Breaking Sticks
Nov. 13, 2021After two months of interviews, recruiting season is finally over. I think I went through about 20 total hours of interviews and probably 40 interview questions. Although there were some boring or tedious ones, there were definitely several interesting questions as well.
1. Breaking Sticks
Take a 1-meter stick and pick 99 points (uniformly) randomly. We cut the stick at those points to create 100 pieces. What's the expected length of the shortest piece?Let \(m\) denote the length of the shortest piece. We'll tackle this problem by deriving a formula for \(\mathbb{P}(m > x)\) for all \(x \in [0, 1]\).
First, denote \( \{ l_1, l_2, \ldots, l_{100} \} \) as the lengths of all 100 pieces. We can see that $$ \mathbb{P}(m > x) = \mathbb{P}(l_1 > x \land l_2 > x \land \cdots \land l_{100} > x) $$ From this, we can can reformulate the problem as solving for $$ \mathbb{P}(l_1 > x \land l_2 > x \land \cdots \land l_{100} > x) $$
The probability \( \mathbb{P}(l_1 > x \land l_2 > x \land \cdots \land l_{100} > x) \) is the probability that all 100 pieces are larger than \(x\). Consider the equivalent scenario of cutting 100 pieces on the interval \([0, 1-100x]\) and then adding length \(x\) to each of the 100 pieces. We can see that the resulting set of pieces is equivalent to cutting 100 pieces from the meter stick such that all pieces are longer than \(x\). Thus, this probability is the same as making 99 cuts in the interval \([0, 1-100x]\). $$ \mathbb{P}(m > x) = \mathbb{P}(l_1 > x \land l_2 > x \land \cdots \land l_{100} > x) = (1 - 100x)^{99} $$
Finally, we can solve for the expected value as $$ \mathbb{E}[m] = \int_{0}^{\frac{1}{100}} \mathbb{P}(m > x) dx = \int_{0}^{\frac{1}{100}} (1 - 100x)^{99} dx = \frac{1}{10000} $$ Thus, our answer is \( 1 / 10000 = 0.0001 \).
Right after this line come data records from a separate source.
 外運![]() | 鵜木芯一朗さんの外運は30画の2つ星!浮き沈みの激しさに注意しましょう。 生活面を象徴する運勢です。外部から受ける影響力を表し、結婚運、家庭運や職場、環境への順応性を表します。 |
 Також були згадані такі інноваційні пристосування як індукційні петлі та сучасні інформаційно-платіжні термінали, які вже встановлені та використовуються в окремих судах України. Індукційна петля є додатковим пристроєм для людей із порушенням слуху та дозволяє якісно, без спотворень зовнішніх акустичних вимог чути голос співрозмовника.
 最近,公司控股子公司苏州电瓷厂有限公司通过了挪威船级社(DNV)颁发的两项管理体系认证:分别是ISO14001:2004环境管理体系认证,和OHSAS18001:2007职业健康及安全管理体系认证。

We can experimentally verify this through a couple lines of Python code:
import numpy as np
import matplotlib.pyplot as plt
samples = 50000
num_cuts = 99
breaks = np.random.uniform(0, 1, (samples, num_cuts))
breaks = np.sort(breaks, axis=1)
breaks = np.diff(breaks, axis=1, prepend=0, append=1)
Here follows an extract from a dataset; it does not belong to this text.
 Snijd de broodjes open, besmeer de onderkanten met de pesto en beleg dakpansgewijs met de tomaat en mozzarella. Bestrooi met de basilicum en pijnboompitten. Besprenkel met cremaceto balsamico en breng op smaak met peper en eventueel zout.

breaks = np.min(breaks, axis=1)
print(f"Mean: {np.mean(breaks):.5} | Std: {np.std(breaks):.5}")
x = np.linspace(np.min(breaks), np.max(breaks), num=50)
y = 9900 * (1 - 100 * x) ** 98
plt.hist(breaks, bins=100, density=True, label="Sampled Distribution")
plt.plot(x, y, label="True Distribution")
plt.legend()
plt.title("Distribution of minimum length")
plt.ylabel("Frequency")
plt.xlabel("Min length piece")
plt.show()
Running this yields the following graph
And gives an sample mean of 0.0001002342, which is very close to our theoretical mean.